***** PROVIDED DATA
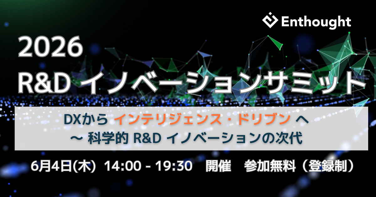 本イベントは化学・材料・ライフサイエンス・半導体、エネルギーなど分野におけるR&D・研究開発のリーダーや研究者、経営層に向けてAI活用やマテリアルズ・インフォマティクス(MI)の最新トレンドや実践事例を共有する場としてエンソートが主催しております。
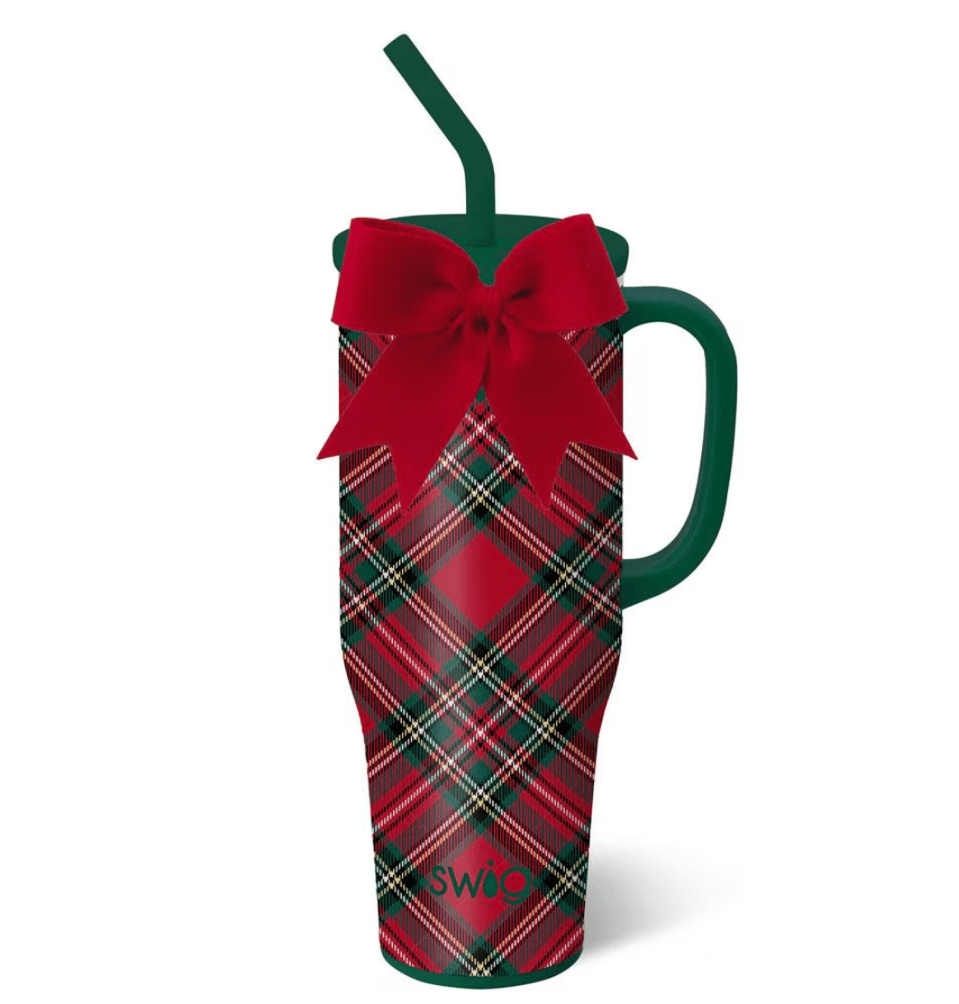 Mega sips, mega chill! 🧊 Celebrate the season in timeless style with this red and green traditional Christmas tartan design. A removable charming bow adorns each item like a gift.
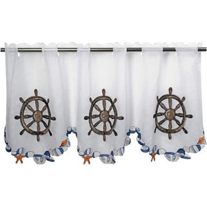 Vitrage stuurwiel voor keuken, badkamer en kinderkamer, wit gordijn met maritiem motief, 45 x 115 cm, modern en transparant bistrogordijn
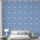 White blue floral tile pattern wallpaper
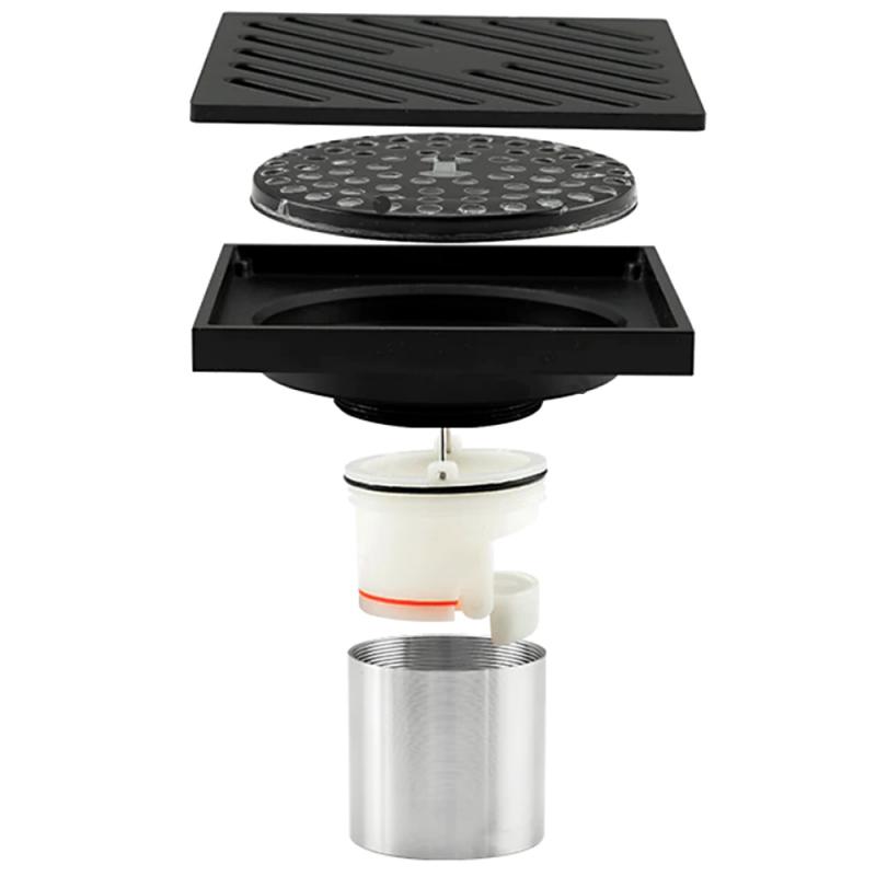 Трап для душа Gappo G81050-6 точечный, сухой затвор, 10x10 см, чёрный
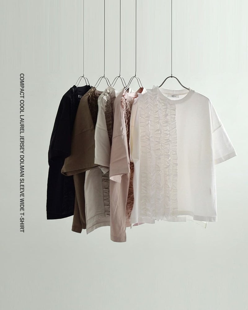 ベーシックな中肉カットソーナチュラルタイプライターフリルTシャツシンプル甘さ体型カバードロップショルダー universal seven ユニヴァーサルセブン コットン クラシック天竺 フリル Tシャツ us251ct023 2026ss新作 春夏 レディース
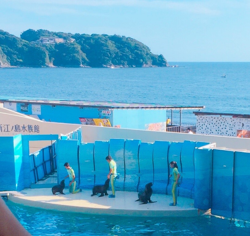 そして海と江ノ島をバックに見るイルカとアシカのショーは大迫力ですごくテンションが上がりました笑。ジャンプの迫力と可愛らしい鳴き声のギャップに萌えること必至です!オススメなのは夕方の時間帯。夕日に照らされた江ノ島と富士山も見えて最高でした✨
**********
(THE PROBLEM)
All lines from the one containing "Mega sips, mega" to the end of the entries should appear in the output exactly as written, with no pictures.

(SOLVED PROBLEM)
 Mega sips, mega chill! 🧊 Celebrate the season in timeless style with this red and green traditional Christmas tartan design. A removable charming bow adorns each item like a gift.
 Vitrage stuurwiel voor keuken, badkamer en kinderkamer, wit gordijn met maritiem motief, 45 x 115 cm, modern en transparant bistrogordijn
 White blue floral tile pattern wallpaper
 Трап для душа Gappo G81050-6 точечный, сухой затвор, 10x10 см, чёрный
 ベーシックな中肉カットソーナチュラルタイプライターフリルTシャツシンプル甘さ体型カバードロップショルダー universal seven ユニヴァーサルセブン コットン クラシック天竺 フリル Tシャツ us251ct023 2026ss新作 春夏 レディース
 そして海と江ノ島をバックに見るイルカとアシカのショーは大迫力ですごくテンションが上がりました笑。ジャンプの迫力と可愛らしい鳴き声のギャップに萌えること必至です!オススメなのは夕方の時間帯。夕日に照らされた江ノ島と富士山も見えて最高でした✨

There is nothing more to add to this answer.